Finally, examples of the material constituting the sponge layer include a silicone rubber foam, particularly a silicone rubber foam having a hardness (Asker C) of about 5 to 50. At that time, if necessary, a release layer made of silicone rubber, fluororesin, rubber, or the like may be provided on the outer surface of the sponge layer (2).
The pressure roller has been described above. However, in the case of a fixing device that uses a fixing belt and is formed of three parts, a heat roller, a fixing roller, and a pressure roller, the fixing roller may be used. .

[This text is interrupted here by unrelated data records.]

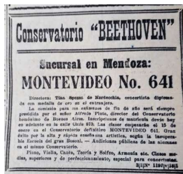
Figura 3: Aviso Conservatorio Beethoven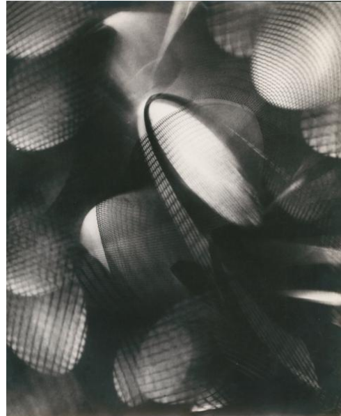
Arthur Siegel, Ohne Titel, 1949 Bauhaus-Archiv Berlin © The Estate of Arthur Siegel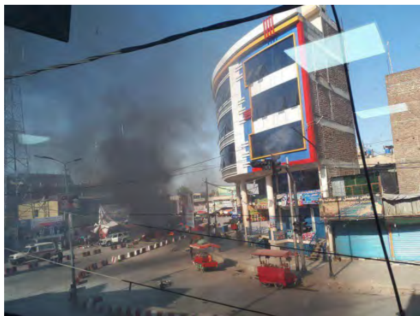
זירת פיגוע ההתאבדות של דאעש במרכז ג'לאלאבאד (חשבון הטוויטר @Khabarnama@khabarnamaaf, אתר תקשורת אפגני, 2 ביולי 2018).

◀ ב-1 ביולי ביצע מחבל מתאבד פיגוע התאבדות בג'לאלאבאד. בפיגוע נהרגו 17 הנדים וסיקים ושני אנשי ביטחון (ח'אאמה פרס, 1 ביולי 2018). דאעש נטל אחריות לפיגוע. בהודעה מטעמו נמסר, כי מחבל מתאבד חדר לתוך ריכוז של חיילי צבא אפגניסטאן, הנדים וסיקים, במרכז העיר ג'לאלאבאד ופוצץ אפוד נפץ שנשא על גופו. כתוצאה מכך לטענת דאעש, נהרגו למעלה מ-40 אנשים, בהם מועמד לפרלמנט האפגני ( www.k1falh.ga , אתר המזוהה עם דאעש, 1 ביולי 2018).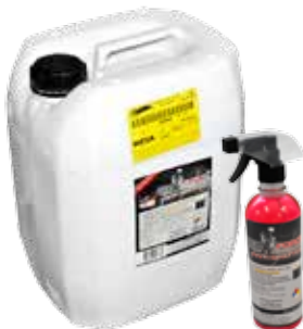
ANTICHISPA 20LTS RED FORCE® + 5 ATOM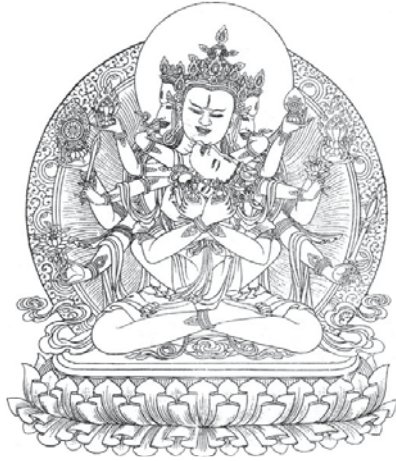
༘ དཔལ་གསང་བ་འདུས་པ།

༡༡། །དཔལ་ལྷན་སྒྲུང་གྲུ་ཚང་གི་ཕྱག་ལེན་ལས་ དཔལ་གསང་བ་འདུས་པའི་ལས་རུང་གི་བསྟེན་བྱ་ཚུལ་ མཁས་པའི་ཞལ་རྒྱན་གང་དུན་བརྗོད་ཐོར་བཀོད་པ་ བཞུགས་སོ།།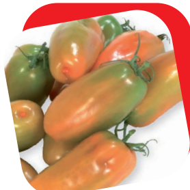
Pomodoro san marzano

Il frutto dall'inconfondibile forma di cuore è di ottima pezzatura (200/280gr), adatto alla coltivazione sia in serra che in pieno campo. L'abbinamento con l'innesto esalta la produttività e la resistenza alle malattie. Visto il suo caratteristico sapore dolce consigliamo il consumo crudo con olio e basilico.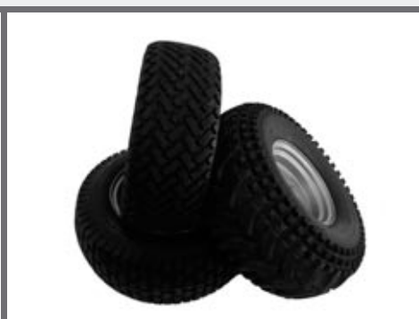
Banden voor alle terrein, voor tuin en voor stad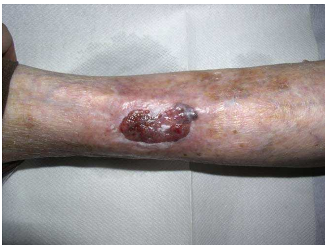
Figura 1 Lesión tumoral ulcerada remitida como úlcera crónica, correspondiente a un carcinoma basocelular.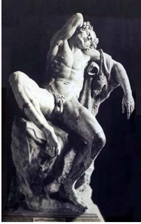
12. Uyuyan Satyr

Next, an example of a method for manufacturing a pressure roller according to the present invention will be described.
A. Production example of the pressure roller in FIG.
a-1 Preparation of Sponge Layer (2) with Dissipating Hollow Channel (4) Asymmetrically First, a mold for preparing a sponge layer (2), that is, a hollow cylindrical sponge layer is prepared. In this mold, pins corresponding to the length from both ends of the sponge layer (2) obtained to the vicinity of the central heat storage wall (3) are arranged, and these pins are arranged in the longitudinal direction of the sponge layer (2). In the direction, they are arranged asymmetrically with a gap corresponding to the thickness of the heat storage wall (3) as a boundary. Needless to say, these pins are for forming the heat radiation hollow path (4). After injecting the rubber material into such a mold, the sponge layer (2) is obtained by vulcanization and foaming.
Finally, the sponge layer (2) is inserted into a stainless steel tube whose inner diameter is several percent (about 2 to 5%) larger than that of the sponge layer (2).
a-2 Preparation of cored bar (1) The outer surface of the cored bar (1) to be coated with the sponge layer (2) is subjected to sandblasting, washing and primer treatment, and finally an adhesive such as RTV is applied.
a-3 Assembling the pressure roller The sponge layer (2) inserted in the stainless steel tube is placed on a vacuum device and evacuated to expand the diameter along the inner wall of the stainless steel tube. After inserting the cored bar (1) into the hollow through-hole of the expanded sponge layer (2), the vacuuming is released and the sponge layer (2) is adhered and coated on the cored bar (1). The sponge layer (2) is fixed to the outer periphery of the core metal (1) by curing the RTV applied to the core metal (1) by heating.
B. Production example of the pressure roller in FIG.
First, a hollow cylindrical sponge body (rubber foam) having a plurality of through holes (four in FIG. 1) in the sponge layer portion is prepared. Such a hollow cylindrical sponge body is described in Patent Document 1 cited in the beginning or Japanese Patent Application Laid-Open No. 7-295418. After this hollow cylindrical sponge body is cut in half at the center in the longitudinal direction, an adhesive such as RTV is applied to both cut surfaces. Next, the sponge layers (2) are obtained by bonding the two cut surfaces in a state where the phases of the two cut surfaces are deviated from each other by 45 degrees. In this sponge layer (2), the initial through-hole is converted into a heat radiation hollow path (4) separated by a heat storage wall (3) as referred to in the present invention. That is, as shown in FIG. 1, a heat storage wall (3) through which the heat radiation hollow path (4) does not penetrate is formed on the surface orthogonal to the central portion in the longitudinal direction, while the heat storage wall (3) Each of the sponge layer portions (2a) and (2b) divided right and left with a boundary extending from the heat storage wall (3) toward the end surface of each sponge layer portion extends to the heat dissipation hollow passage (4). In this case, the hollow passage (4) extends and is arranged asymmetrically with respect to the heat storage wall (3) as a boundary.
Thereafter, the same operation as the above-described a-2 and a-3 is performed.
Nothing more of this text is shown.